Results: Forty-one (89%) patients with CHD had detectable HDV-RNA, and the presence of HDV-RNA was associated with higher LHBs proportion (p = 0.010). Baseline MHBs (p = 0.051) and MHBs proportion (p = 0.086) tended to be higher in those developing clinical outcomes (9/36, 25%) after a median follow-up of 5.9 years. Patients in which HDV-RNA became spontaneously undetectable during follow-up (5/31, 16.1%) tended to present lower MHBs proportion (p = 0.085). In the longitudinal study, changes in LHBs proportion were observed (p = 0.041), whereas MHBs proportion remained stable (p = 0.209). Regarding HBV, ICs showed lower LHBs proportion (p = 0.027). LHBs and MHBs differed significantly according to HBV genotype, regardless of the HBV phase.

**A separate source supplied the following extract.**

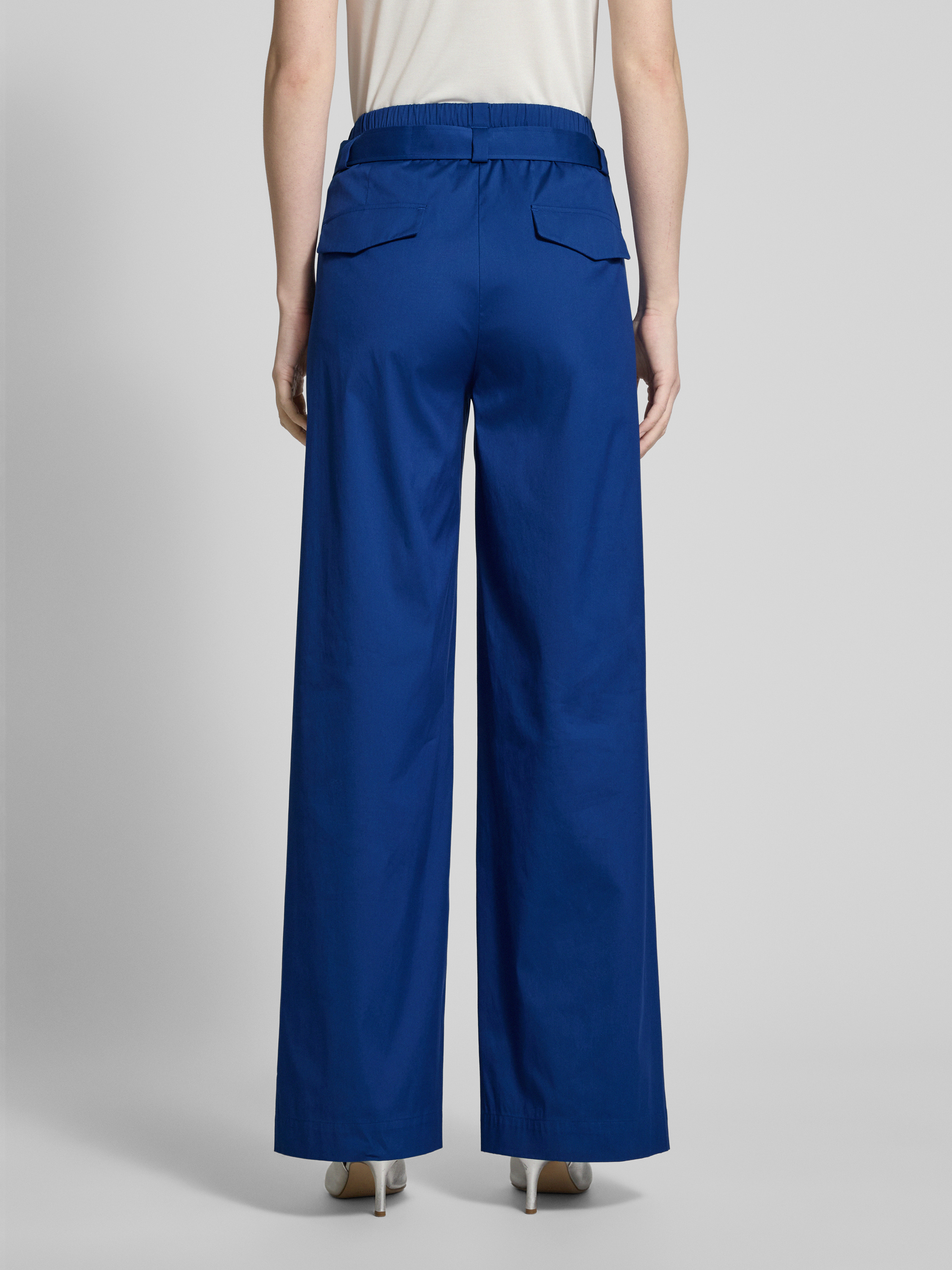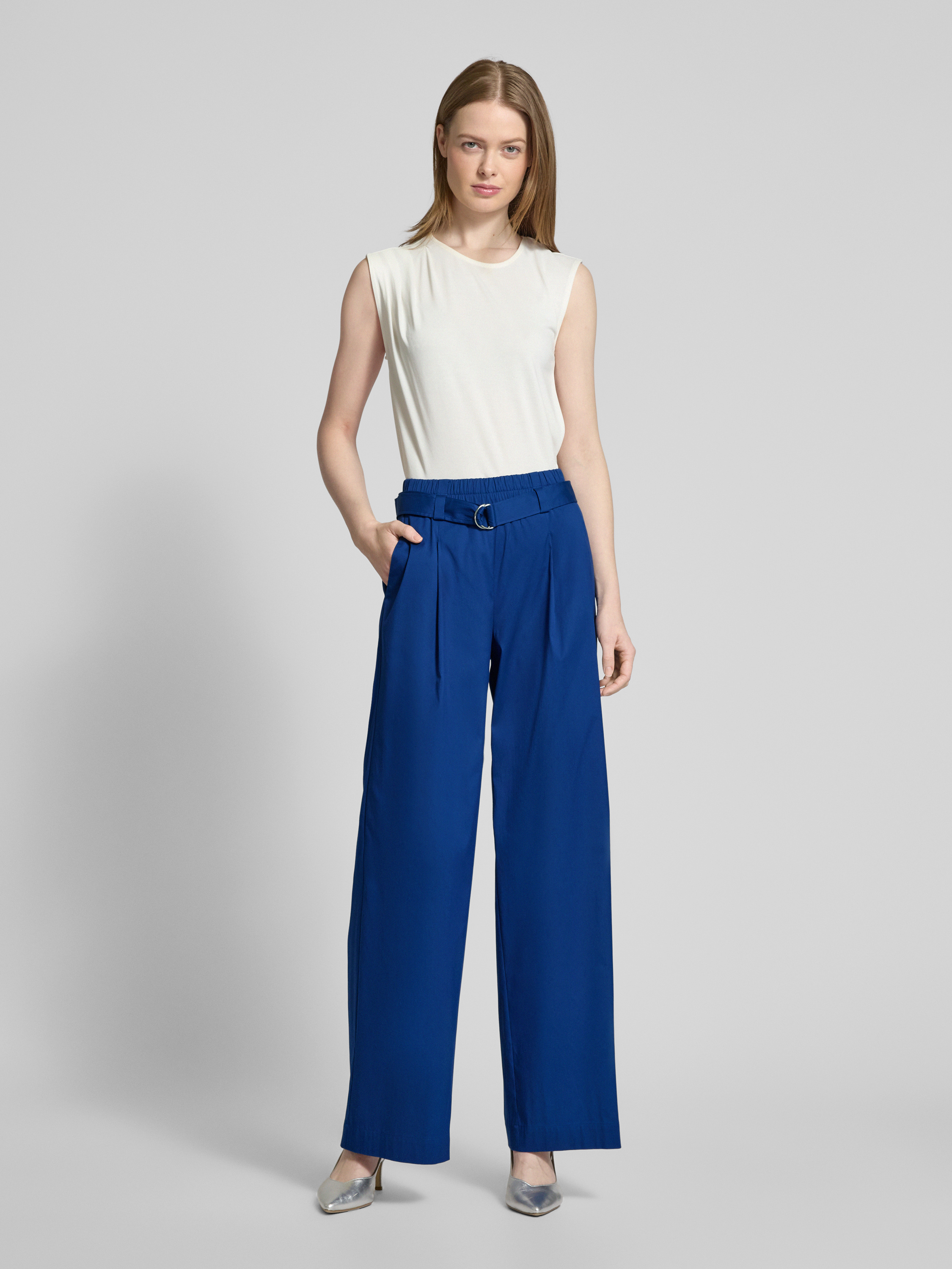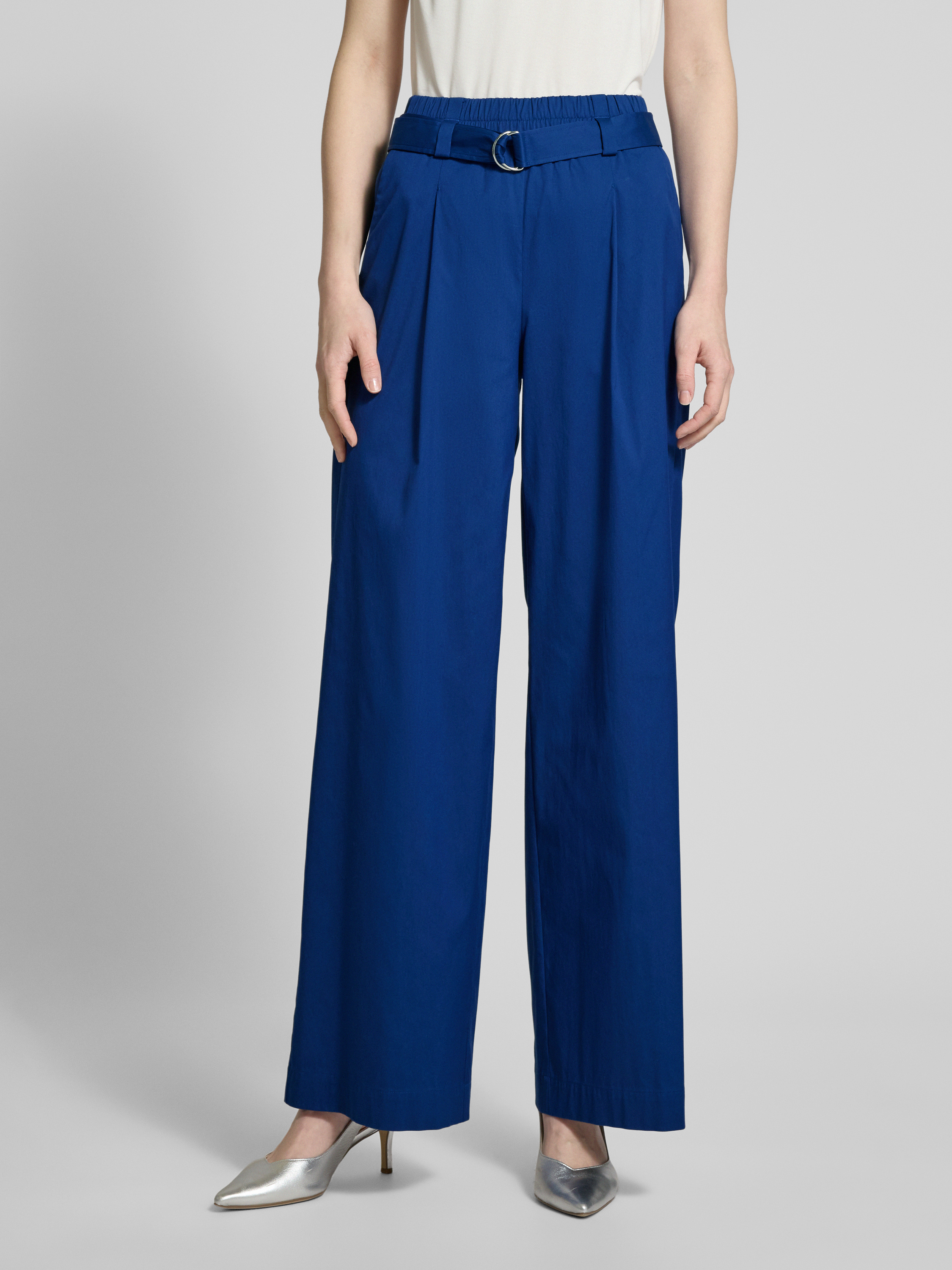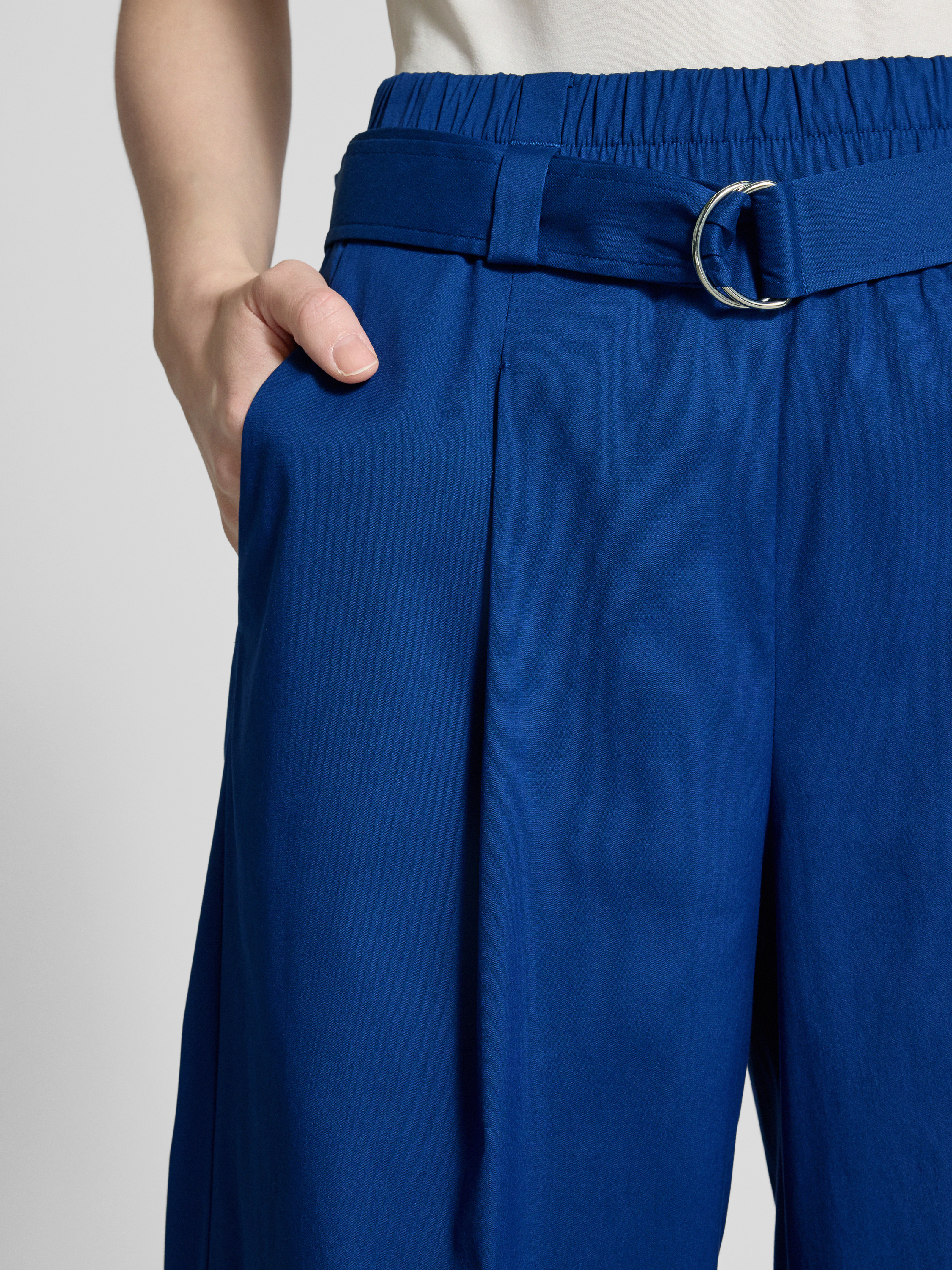Spodnie materiałowe z szerokimi nogawkami i paskiem - królewski niebieski
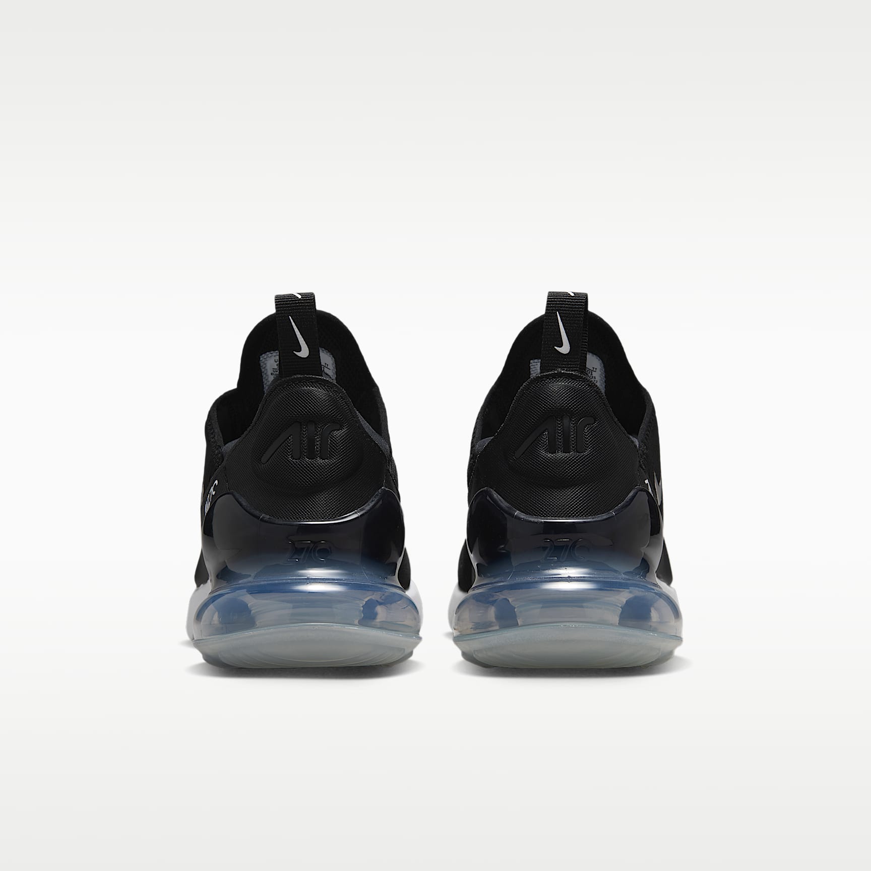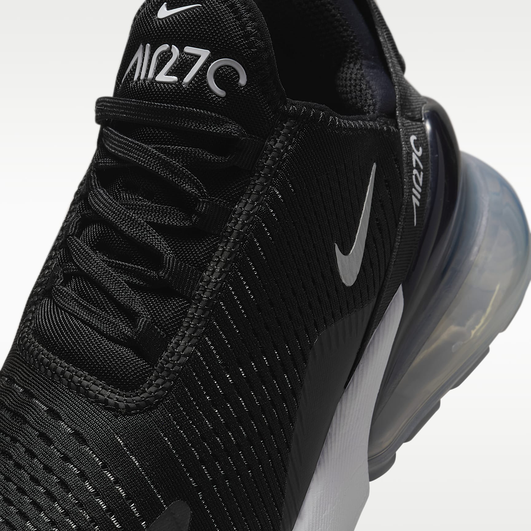 The Air Max 270 brings style, comfort and big attitude. The design draws inspiration from Air Max icons, showcasing Nike's greatest innovation with its large cushioning window and fresh array of colours. Benefits * The woven fabric on the upper provides a lightweight fit and airy feel. * Plush and comfortable, the Max Air cushioning has just the right amount of support. * The inner sleeve stretches for a personalised fit. * Rubber outsole adds traction and durability. Product details * Mesh details * Foam midsole

Conclusions: Patients with CHD with detectable HDV-RNA presented higher LHBs proportion than those with undetectable HDV-RNA. A trend toward having higher baseline MHBs proportion was observed in patients who developed clinical outcomes or remained with detectable HDV-RNA. This study validates the different HBsAg composition in HBV ICs and reveals the HBV-genotype influence in HBsAg composition.

Impact and implications: The composition of HBsAg in chronic hepatitis D differs in patients with detectable and undetectable HDV viral load and may help predict the likelihood of achieving undetectable HDV viraemia and the development of clinical events such as decompensation. The composition of the surface antigen is also useful to distinguish inactive carriers of HBV, and it varies according to HBV genotype.

Keywords: Genotype; HBV; HBsAg proteins; HDV; Hepatitis B; Hepatitis D; Inactive carrier; Surface antigen.